*** SUPPLIED RECORDS Section Begins ***

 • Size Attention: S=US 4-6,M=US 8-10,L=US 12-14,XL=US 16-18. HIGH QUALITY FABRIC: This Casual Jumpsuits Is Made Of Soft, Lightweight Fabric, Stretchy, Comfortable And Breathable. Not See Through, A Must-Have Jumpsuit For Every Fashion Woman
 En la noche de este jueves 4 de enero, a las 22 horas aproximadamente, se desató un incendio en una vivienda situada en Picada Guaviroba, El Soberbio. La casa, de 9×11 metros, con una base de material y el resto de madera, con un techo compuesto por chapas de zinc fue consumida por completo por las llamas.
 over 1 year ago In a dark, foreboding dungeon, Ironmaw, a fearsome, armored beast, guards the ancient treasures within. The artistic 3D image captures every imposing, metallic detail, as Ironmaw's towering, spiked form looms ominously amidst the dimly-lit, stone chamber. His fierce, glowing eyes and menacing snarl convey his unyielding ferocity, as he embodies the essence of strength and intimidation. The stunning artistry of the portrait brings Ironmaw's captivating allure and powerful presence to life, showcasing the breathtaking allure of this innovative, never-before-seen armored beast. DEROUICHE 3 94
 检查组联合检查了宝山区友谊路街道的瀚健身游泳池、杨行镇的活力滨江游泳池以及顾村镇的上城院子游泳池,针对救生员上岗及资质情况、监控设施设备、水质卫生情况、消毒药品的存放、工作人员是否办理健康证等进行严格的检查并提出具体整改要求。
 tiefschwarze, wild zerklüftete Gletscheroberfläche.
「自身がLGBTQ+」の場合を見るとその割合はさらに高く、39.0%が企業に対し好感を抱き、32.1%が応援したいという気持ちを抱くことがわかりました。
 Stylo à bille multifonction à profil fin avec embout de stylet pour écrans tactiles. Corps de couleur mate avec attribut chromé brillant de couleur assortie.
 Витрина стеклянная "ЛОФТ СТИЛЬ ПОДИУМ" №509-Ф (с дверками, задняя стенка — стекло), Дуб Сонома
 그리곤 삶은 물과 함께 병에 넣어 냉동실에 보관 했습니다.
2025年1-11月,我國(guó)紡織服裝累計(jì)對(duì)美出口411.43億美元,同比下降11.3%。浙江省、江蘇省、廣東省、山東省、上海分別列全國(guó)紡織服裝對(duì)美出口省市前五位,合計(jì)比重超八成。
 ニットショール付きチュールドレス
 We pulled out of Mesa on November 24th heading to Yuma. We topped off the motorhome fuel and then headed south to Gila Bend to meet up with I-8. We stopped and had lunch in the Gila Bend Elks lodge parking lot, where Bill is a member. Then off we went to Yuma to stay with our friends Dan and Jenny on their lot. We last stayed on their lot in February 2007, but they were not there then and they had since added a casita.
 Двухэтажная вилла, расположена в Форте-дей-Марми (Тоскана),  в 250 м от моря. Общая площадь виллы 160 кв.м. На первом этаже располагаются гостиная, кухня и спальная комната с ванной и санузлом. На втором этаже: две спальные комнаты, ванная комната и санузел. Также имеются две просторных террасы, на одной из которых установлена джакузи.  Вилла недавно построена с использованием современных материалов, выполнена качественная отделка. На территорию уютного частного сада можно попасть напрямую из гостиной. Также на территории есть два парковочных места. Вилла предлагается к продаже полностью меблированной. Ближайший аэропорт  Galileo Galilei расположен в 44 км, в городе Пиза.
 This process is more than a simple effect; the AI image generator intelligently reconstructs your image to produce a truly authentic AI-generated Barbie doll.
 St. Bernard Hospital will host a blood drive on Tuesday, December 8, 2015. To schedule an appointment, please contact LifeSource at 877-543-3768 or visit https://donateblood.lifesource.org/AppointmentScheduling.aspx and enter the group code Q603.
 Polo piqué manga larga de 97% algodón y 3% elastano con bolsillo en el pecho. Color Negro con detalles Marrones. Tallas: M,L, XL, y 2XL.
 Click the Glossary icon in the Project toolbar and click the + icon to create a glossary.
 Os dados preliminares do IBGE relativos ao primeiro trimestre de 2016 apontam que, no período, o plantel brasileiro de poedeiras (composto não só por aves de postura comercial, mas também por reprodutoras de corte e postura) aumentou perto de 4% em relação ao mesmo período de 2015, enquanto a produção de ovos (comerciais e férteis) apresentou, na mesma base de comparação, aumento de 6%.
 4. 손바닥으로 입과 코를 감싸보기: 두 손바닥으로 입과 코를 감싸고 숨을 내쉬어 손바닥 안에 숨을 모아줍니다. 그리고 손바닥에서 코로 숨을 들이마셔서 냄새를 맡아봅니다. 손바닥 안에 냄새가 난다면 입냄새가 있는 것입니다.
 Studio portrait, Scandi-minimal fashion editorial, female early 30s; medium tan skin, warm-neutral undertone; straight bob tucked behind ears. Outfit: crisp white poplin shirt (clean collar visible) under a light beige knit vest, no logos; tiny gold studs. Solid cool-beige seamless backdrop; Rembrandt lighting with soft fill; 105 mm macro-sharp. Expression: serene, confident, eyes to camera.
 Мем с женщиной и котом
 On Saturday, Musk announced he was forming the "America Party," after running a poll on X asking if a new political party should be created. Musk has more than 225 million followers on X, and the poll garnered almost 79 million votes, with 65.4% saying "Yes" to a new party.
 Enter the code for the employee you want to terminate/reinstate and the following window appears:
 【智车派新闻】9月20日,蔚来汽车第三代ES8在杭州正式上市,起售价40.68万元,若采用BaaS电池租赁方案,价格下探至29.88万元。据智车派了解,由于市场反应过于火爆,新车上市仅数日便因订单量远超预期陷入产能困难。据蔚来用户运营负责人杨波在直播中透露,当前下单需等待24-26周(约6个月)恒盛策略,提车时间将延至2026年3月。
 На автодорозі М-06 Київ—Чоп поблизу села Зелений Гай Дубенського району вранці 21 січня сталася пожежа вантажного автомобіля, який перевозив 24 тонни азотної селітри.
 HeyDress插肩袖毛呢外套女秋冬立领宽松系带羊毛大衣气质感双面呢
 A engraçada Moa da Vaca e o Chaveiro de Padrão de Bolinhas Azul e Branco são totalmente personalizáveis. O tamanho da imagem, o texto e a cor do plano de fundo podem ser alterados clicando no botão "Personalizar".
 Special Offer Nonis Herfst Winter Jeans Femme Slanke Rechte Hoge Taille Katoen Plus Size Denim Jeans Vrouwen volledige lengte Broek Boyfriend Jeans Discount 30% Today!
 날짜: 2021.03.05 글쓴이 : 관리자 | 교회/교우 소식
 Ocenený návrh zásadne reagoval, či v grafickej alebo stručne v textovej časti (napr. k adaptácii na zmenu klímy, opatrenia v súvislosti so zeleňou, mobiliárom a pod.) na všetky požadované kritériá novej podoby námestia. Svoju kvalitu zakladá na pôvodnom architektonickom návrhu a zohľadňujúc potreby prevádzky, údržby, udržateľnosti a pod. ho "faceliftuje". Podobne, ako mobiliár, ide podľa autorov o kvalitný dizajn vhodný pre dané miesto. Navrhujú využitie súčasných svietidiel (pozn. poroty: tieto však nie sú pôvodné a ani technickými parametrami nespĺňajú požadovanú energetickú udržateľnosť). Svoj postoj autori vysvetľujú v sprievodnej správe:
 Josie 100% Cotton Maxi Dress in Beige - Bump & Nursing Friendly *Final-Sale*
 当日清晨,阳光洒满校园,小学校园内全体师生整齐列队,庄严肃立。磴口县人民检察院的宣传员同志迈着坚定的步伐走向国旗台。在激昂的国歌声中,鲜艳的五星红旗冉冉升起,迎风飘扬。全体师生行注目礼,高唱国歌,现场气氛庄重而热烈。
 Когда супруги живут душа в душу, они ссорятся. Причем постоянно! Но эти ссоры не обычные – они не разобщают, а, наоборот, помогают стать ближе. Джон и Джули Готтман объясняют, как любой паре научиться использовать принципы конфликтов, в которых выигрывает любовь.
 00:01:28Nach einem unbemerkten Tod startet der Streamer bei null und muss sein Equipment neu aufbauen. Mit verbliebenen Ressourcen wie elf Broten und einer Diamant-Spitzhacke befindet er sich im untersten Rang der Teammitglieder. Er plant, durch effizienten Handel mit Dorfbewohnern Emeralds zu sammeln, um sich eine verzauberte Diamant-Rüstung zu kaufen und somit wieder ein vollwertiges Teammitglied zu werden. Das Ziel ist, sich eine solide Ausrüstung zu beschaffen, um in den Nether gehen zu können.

*** SUPPLIED RECORDS Section Ends ***

PROBLEM TO SOLVE:
The expected answer is a copy of each line in the records that holds the word "base".

RESULT OF THIS TASK:
 En la noche de este jueves 4 de enero, a las 22 horas aproximadamente, se desató un incendio en una vivienda situada en Picada Guaviroba, El Soberbio. La casa, de 9×11 metros, con una base de material y el resto de madera, con un techo compuesto por chapas de zinc fue consumida por completo por las llamas.
 Os dados preliminares do IBGE relativos ao primeiro trimestre de 2016 apontam que, no período, o plantel brasileiro de poedeiras (composto não só por aves de postura comercial, mas também por reprodutoras de corte e postura) aumentou perto de 4% em relação ao mesmo período de 2015, enquanto a produção de ovos (comerciais e férteis) apresentou, na mesma base de comparação, aumento de 6%.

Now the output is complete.